American actor (1915–2010)

Joe Mantell ( Joseph Mantel; December 21, 1915 – September 29, 2010) was an American film and television actor. He was nominated for an Academy Award for Best Supporting Actor for his role as best friend Angie in the 1955 film Marty, which he reprised from the 1953 live television play of the same name.

==Early life==
Joseph Mantel was born in the Brooklyn borough of New York City to Jewish immigrant parents from the Kingdom of Galicia, a region in Eastern Europe controlled by the Emperor of Austria. His father was a butcher, the family name originally was spelled Mantel and accented on the first syllable, but at the beginning of his acting career, Mantell added the extra "L" and changed the pronunciation to "Man-TELL".

He served in the army during the World War II.

==Career==

Early in his career, Mantell worked on Paddy Chayefsky television plays directed by Delbert Mann for The Philco Television Playhouse, including Arnold in The Bachelor Party and as Angie, best friend of the title character, in the 1953 live broadcast of Marty. He also appeared in the anti-censorship episode "Storm Center" of the Westinghouse Desilu Playhouse, as well as the 1956 film adaptation by Daniel Taradash.

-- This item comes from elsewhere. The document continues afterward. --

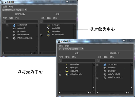 选择灯光链接选项将在“以灯光为中心”(Light-Centric)或“以对象为中心”(Object-Centric)模式下打开“关系编辑器”(Relationship Editor)。

In 1955, Mantell reprised the role of Angie in the film adaptation of Marty, for which he was nominated for the Academy Award for Best Supporting Actor.

Mantell was featured in the pilot of the crime drama, The Untouchables, starring Robert Stack that originally aired as a 2 part episode of the WDP. He later guest-starred in The Untouchables series itself, in the 2 part episode, "The Unhired Assassin", where he played Giuseppe Zangara, the would-be assassin of Franklin Delano Roosevelt who ended up accidentally assassinating Chicago Mayor Anton Cermak instead.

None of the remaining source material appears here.